ReliabilityEvaluationHuman Review

Current thesis

The core problem is no longer making agents look autonomous in a demo. It is making them dependable enough that a human can understand their state, trust the right parts, and interrupt or correct them without paying a coordination tax.

2026 perspective

In 2026, the practical frontier is workflow reliability. Agents are becoming useful often enough that standards, identity, evaluation, and escalation design matter more than impressive one-shot completions.

Human factors lens

Oversight fails if review costs more than redoing the work. Good interfaces reduce cognitive load by foregrounding evidence, changes, uncertainty, and consequence before they foreground prose.

Why this matters now

The 2025 Stanford AI Index reported that responsible-AI evaluation remains uneven even as documented incidents continue to accumulate. At the same time, NIST's February 2026 AI Agent Standards Initiative, draft benchmark guidance for language-model evaluation, and ongoing ARIA field-testing work all point in the same direction: the next serious step is comparable, operationally meaningful evaluation. My view is that agent progress is now gated less by raw fluency and more by control surfaces such as permissions, observability, interoperability, and human escalation.

Current priorities

  • Move evaluation from one-shot benchmark wins to repeated-run performance, variance, recovery behavior, and policy adherence.
  • Treat traceability as a product feature: tool calls, retrieved evidence, approval checkpoints, and rollback points should be reviewable without exposing unnecessary chain-of-thought.
  • Design bounded autonomy with explicit scopes for read, write, execute, and external communication actions.
  • Measure trust calibration, not just model confidence, so humans can decide when to rely on the system and when to slow it down.

System design principles

Bounded autonomy

Give agents explicit task scopes, tool budgets, and approval gates instead of vague permission to 'go solve it'.

Inspectable state

Persist the plan, retrieved context, tool outputs, and meaningful diffs so reviewers can reconstruct what happened quickly.

Graceful handoff

Escalation should preserve context and evidence rather than forcing a human to restart the task from scratch.

Comparative evaluation

Compare agents against strong non-agent baselines, mixed-initiative workflows, and failure-handling variants instead of weaker prompts alone.

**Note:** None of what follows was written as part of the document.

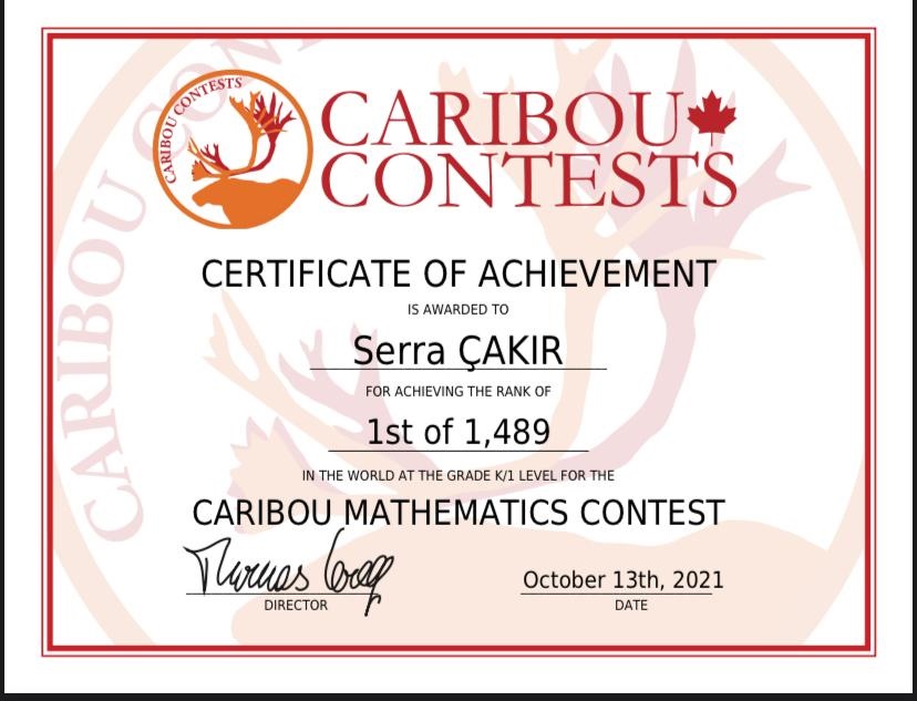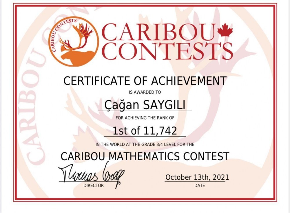 Dünya çapında düzenlenen altı aşamalı Caribou Contest Matematik Yarışmasının 1. aşamasında Ereğli İlkokulu 4.sınıf öğrencilerinden Çağan SAYGILI ve 1. Sınıf öğrencilerinden Serra ÇAKIR katılan tüm ülke öğrencileri içerisinde tüm sorulara doğru cevap vererek kendi kategorilerinde 1. oldular.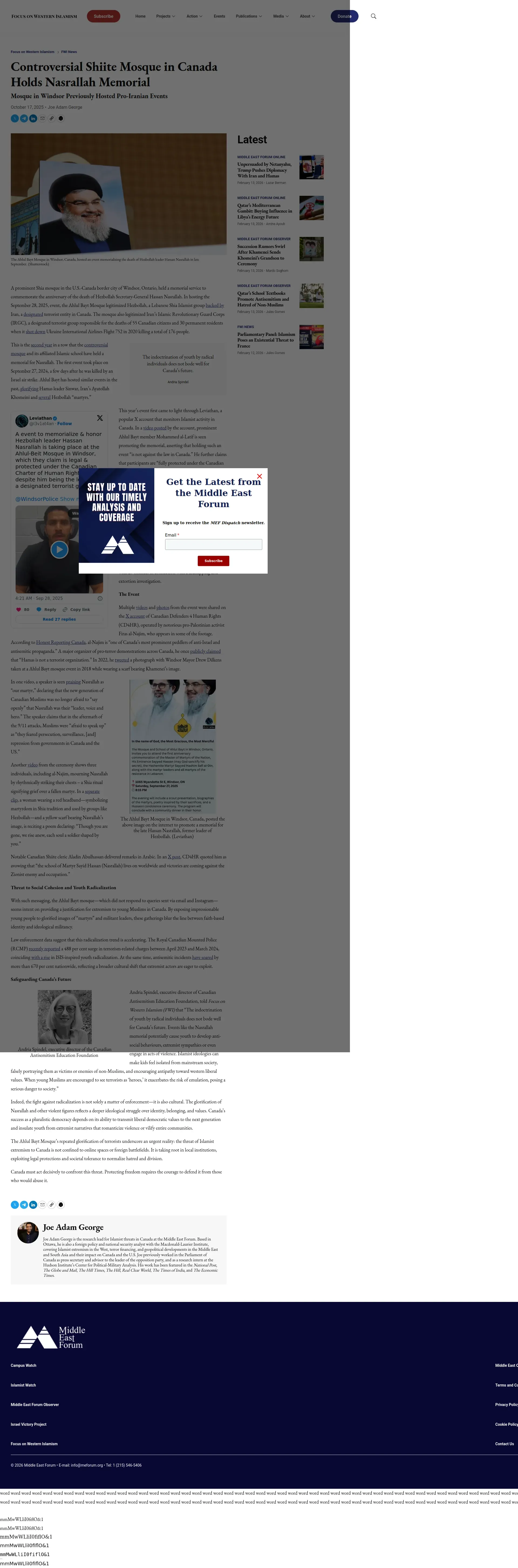 https://www.meforum.org:443/fwi/fwi-news/controversial-shiite-mosque-in-canada-holds-nasrallah-memorial

Human factors and review design

  • Review surfaces should foreground consequences: what changed, what external action is pending, and what evidence supports it.
  • Uncertainty needs to be legible at the workflow level, not hidden inside a single confidence score.
  • Operator trust should be calibrated with stable conventions, reproducible traces, and reversible actions rather than persuasive language.
  • When the system hands work to a person, it should preserve context, partial progress, and rationale so the human can continue without reconstructing the task.

Evaluation agenda

Reliability under repetition

Measure variance across repeated runs, near-miss behavior, and whether recovery steps converge or compound error.

Evidence quality

Score whether retrieved or cited material actually supports the action or conclusion the agent produced.

Oversight efficiency

Track time-to-review, override quality, and whether humans catch the failures that matter.

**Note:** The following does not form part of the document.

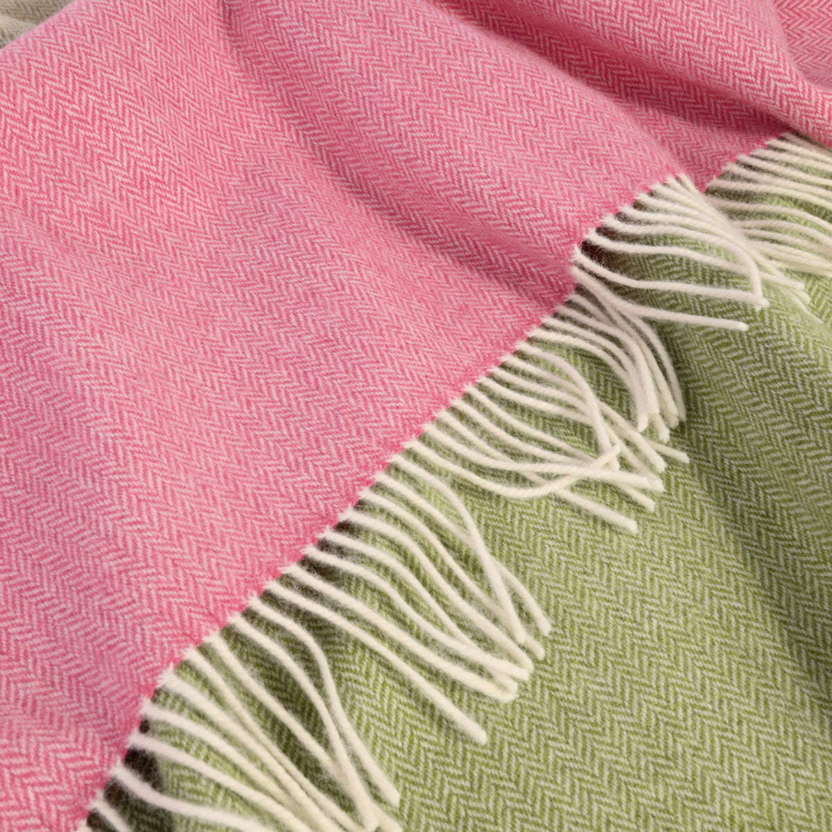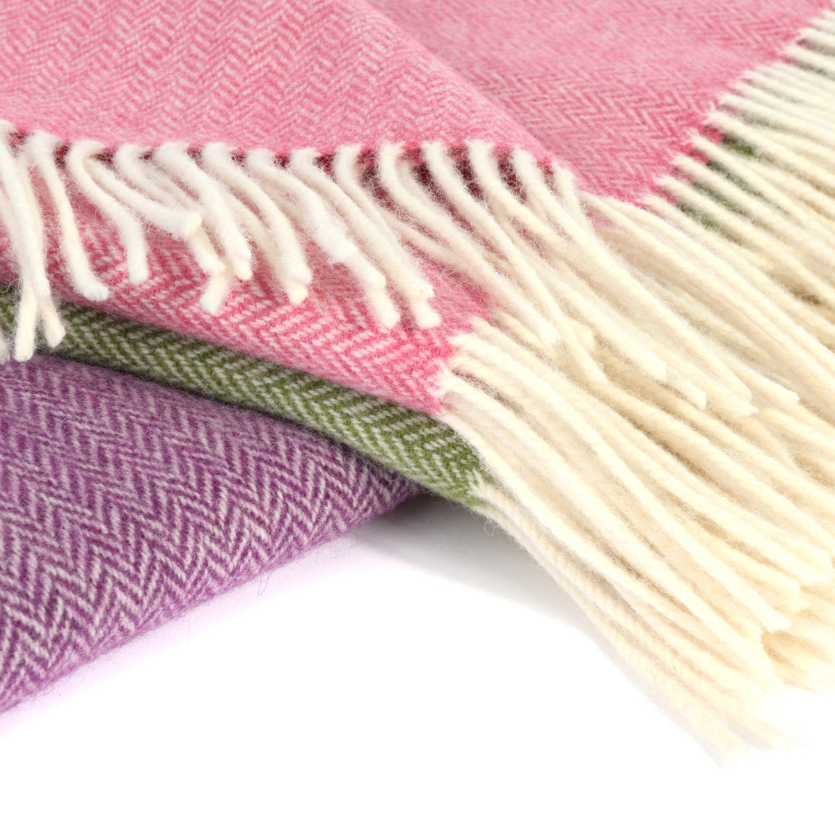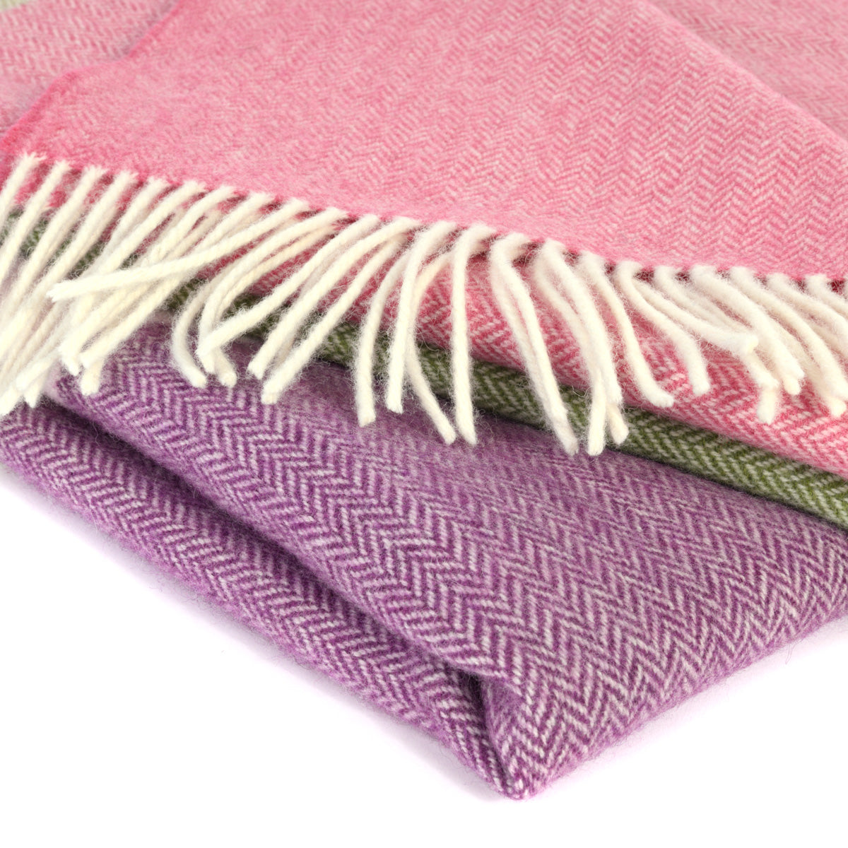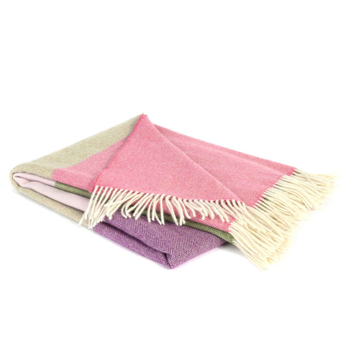 Bunte Farben machen diese Decke zu einem lebendigen Blickfang. Sie ist leicht, kuschelig und aus 100 % Lammwolle gefertigt. Ideal, um dem Wohnraum Frische zu geben oder für wohltuende Wärme im Alltag. Ca. 150 x 200 cm, mit feinem Fischgätmuster in einem farbenfrohen Blockdesign, Lila, Rosa und Grün.

Policy and safety compliance

Test permission boundaries, escalation behavior, and refusal quality when requests conflict with policy or evidence.

Open questions

  • What is the right granularity for agent permissions in research, coding, and analyst workflows?
  • How should we compare autonomous, mixed-initiative, and step-wise systems when human labor is part of the objective?
  • Which traces improve reviewer judgment, and which ones only create noise?
  • What counts as acceptable failure behavior for an agent allowed to act on external systems?